Personal information
- Full name: Matheus Gonçalves Martins
- Date of birth: 18 August 2005 (age 20)
- Place of birth: Rio de Janeiro, Brazil
- Height: 1.75 m (5 ft 9 in)
- Position: Attacking midfielder

Team information
- Current team: Al-Ahli
- Number: 20

Youth career
- 2018–2025: Flamengo

Senior career*
- Years: Team / Apps / (Gls)
- 2022–2025: Flamengo / 20 / (2)
- 2023: → Red Bull Bragantino (loan) / 12 / (0)
- 2025–: Al-Ahli / 22 / (2)

= Matheus Gonçalves =

Brazilian footballer

Matheus Gonçalves (born 18 August 2005) commonly known as Matee, is a Brazilian professional footballer who plays as an attacking midfielder for Saudi Pro League club Al Ahli.

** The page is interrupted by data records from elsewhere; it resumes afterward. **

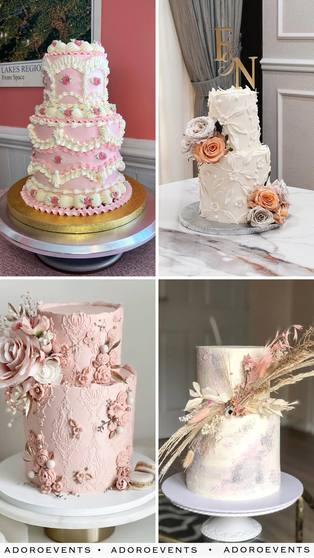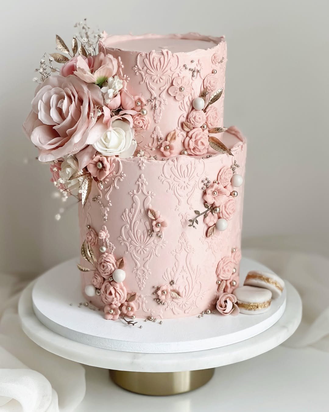 This blush pink masterpiece is straight out of a Parisian pastry dream. Think ornate embossed piping, sugar pearls, and floral flourishes that practically beg for a champagne toast. It’s girly, yes, but also exquisitely detailed—like a couture gown in cake form.
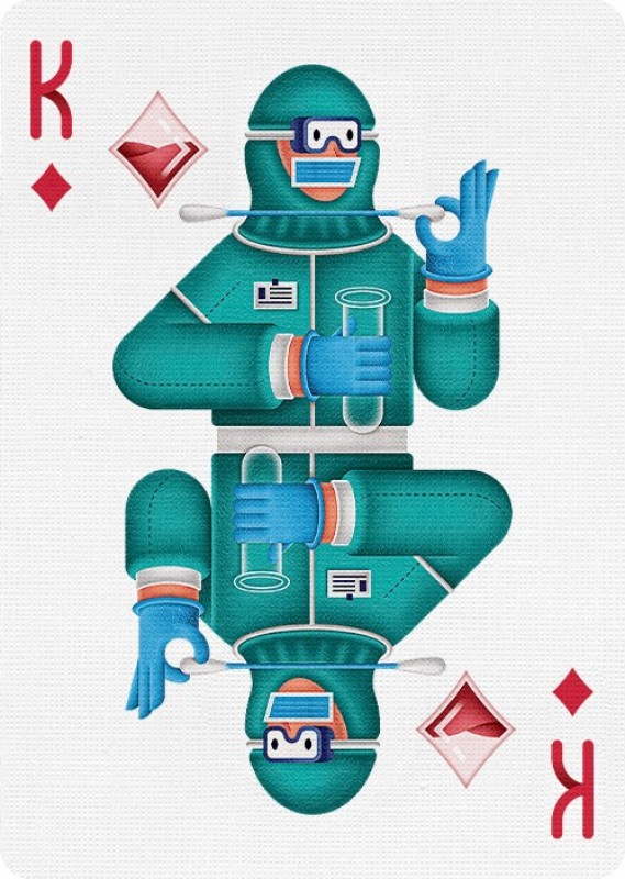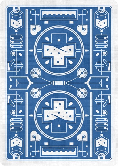 The back design features blue metallic ink with symbols that represent a hospital. Every single card in the deck is filled with doctors and nurses with different operations; from Monitoring X-Rays, working with surgical tools, to offering large pills and needles.
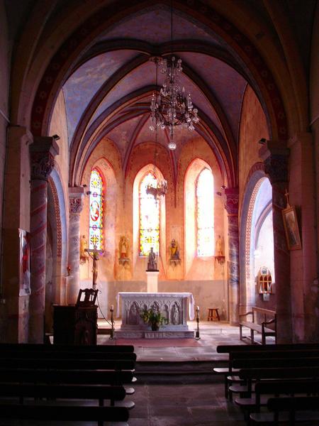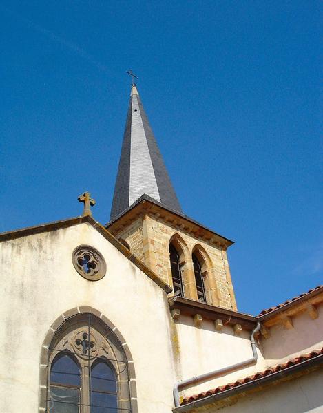 L'église fait partie d'un ancien château qui occupait le centre de l'ancien bourg. Sa partie occidentale est englobée dans les constructions de ce château. Cet édifice remonte à l'époque romane mais a été très remanié et voûté à l'époque gothique. Le dernier étage du clocher et sa haute flèche sont du 19e siècle. Corniches et chapiteaux romans. Eléments d'époque gothique dont le portail d'entrée sous le porche. Le plan présente une nef unique et deux petits collatéraux moins élevés. La nef se termine par une abside à trois pans, sans déambulatoire.
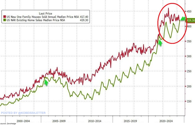 For the first time in history, a NEW home in the US costs $33,500 LESS than an EXISTING home, per Reventure.
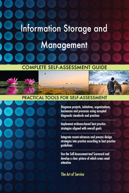 * The Self-Assessment Excel Dashboard; with the Information Storage and Management Self-Assessment and Scorecard you will develop a clear picture of which Information Storage and Management areas need attention, which requirements you should focus on and who will be responsible for them:
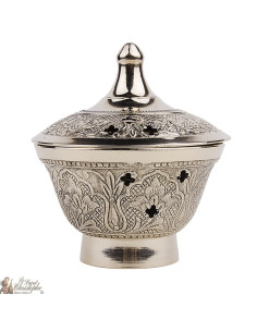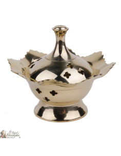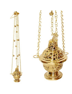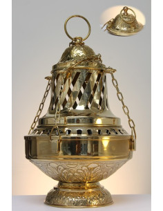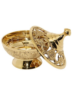 Hermoso incensario de cobre con matices dorados, ha sido hecho completamente a mano. Consta de 3 partes: asa, tapa abatible y parrilla interior para carbón pequeño o grande. El incensario está coronado por una cruz, los agujeros están incluidos en un hermoso fresco grabado y el pie también está tallado.
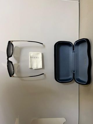 Occhiali da sole da donna Gucci. Colore marrone montatura stretta con porta occhiali originale. Riportano in fondo alle stanghette dei piccoli dettagli di usura come da foto allegata
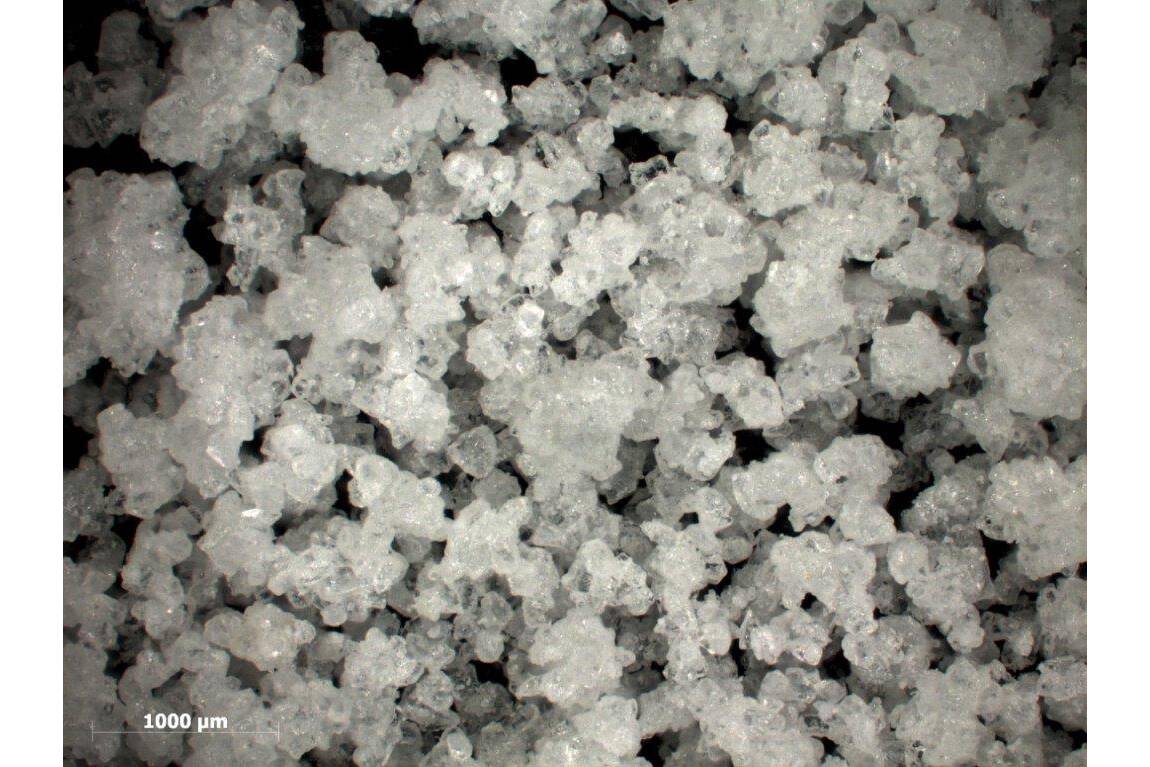 Ein weiterer Prozess typischer Wirbelschichtprozess ist die Agglomeration von Pulvern zu rieselfähigen, staubfreien Granulaten. Um die Einflüsse des Vakuums auf die Granulatbildung zu untersuchen, wurden im Technologiezentrum bei Glatt in Weimar Versuche unter Normaldruck (mit Stickstoffkreislauf) und unter Vakuumbedingungen durchgeführt. Als Modellsubstanz wurde Laktosepulver mit einer 5,5%igen Binderlösung aus Eudragit S 100 und Aceton/Methanol besprüht. Die Zerstäubung im Vakuum erfolgte durch eine Einstoffdüse, wobei die Tröpfchengröße durch die Anpassung der Sprührate eingestellt wurde. Der Binderanteil im Endprodukt betrug 9%. Die Agglomerate (Abb. 1+2) waren sowohl in der Partikelgrößenverteilung (Abb. 3) als auch in der Schüttdichte vergleichbar. Ein deutlicher Unterschied zeigte sich hingegen in der Festigkeit: Die Agglomerate im Vakuum zeichneten sich durch eine mehr als doppelt so hohe Druckfestigkeit (Abb. 4) aus – ein deutlicher Vorteil zum Beispiel für allergene Produkte.
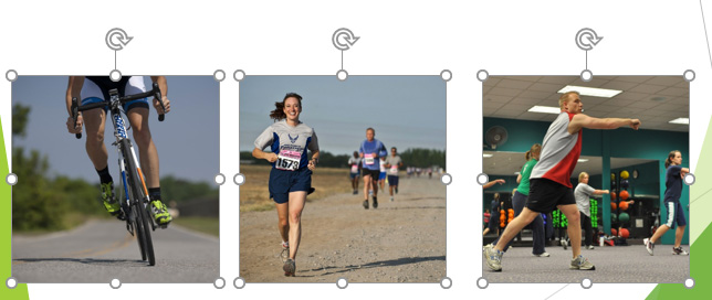 - Hold down the Shift key and select all three food pictures. Make sure you do not select the green diamonds.
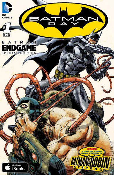 BATMAN: ENDGAME SPECIAL EDITION #1 is a 40-page comic that reprints the lead story from BATMAN #35, written by Scott Snyder, with art and cover by Greg Capullo and Danny Miki! In addition, this special issue features a brand-new eight page story that leads into BATMAN & ROBIN ETERNAL, the new weekly series set to begin in October! This story is by Scott Snyder and James Tynion IV, with a script by Tynion and art by Tony S. Daniel
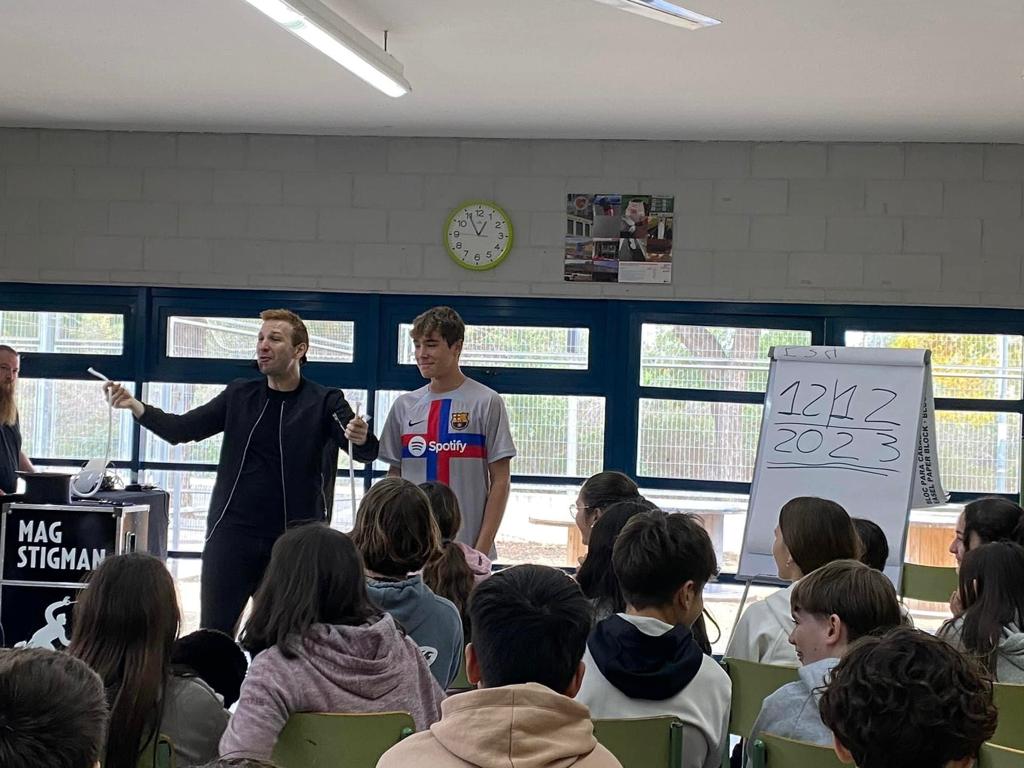 Aunque los fines de semana solemos estar en teatros y estarás acostumbrado a vernos actuar en ellos, al Mago Stigman le encanta también la vertiente pedagógica y hacer estos talleres en institutos y colegios durante la semana. Lo disfruta muchísimo.

In September 2022, he was named by English newspaper The Guardian as one of the best players born in 2005 worldwide.

==Club career==
===Flamengo===
Matheus Gonçalves signed for Flamengo at the age of twelve, progressing through the youth ranks and signing his first professional contract in August 2021. He played 5 games and scored in the state trophy against Botafogo.

====Red Bragantino (loan)====
On 26 July 2023, Gonçalves signed on loan with Red Bull Bragantino until 31 December 2023. On 11 August 2023, he played his first game, coming off the bench in the 2023 Copa Sudamericana Round of 16 second leg match against América Mineiro. Few weeks later, on 27 August 2023, Gonçalves made his first assist for Red Bull Bragantino in a Campeonato Brasileiro Série A 2–0 win against Cuiabá. On October 19, Matheus suffered a penalty in a game against Santos, Eduardo Sasha scored It to make the game 2–0. He Played his last game against Coritiba, where he received a yellow card after being subbed on in the 72 minute.

===Al-Ahli===

On 1 September 2025, Gonçalves joined Saudi Pro League club Al-Ahli from Flamengo on a contract until 2027.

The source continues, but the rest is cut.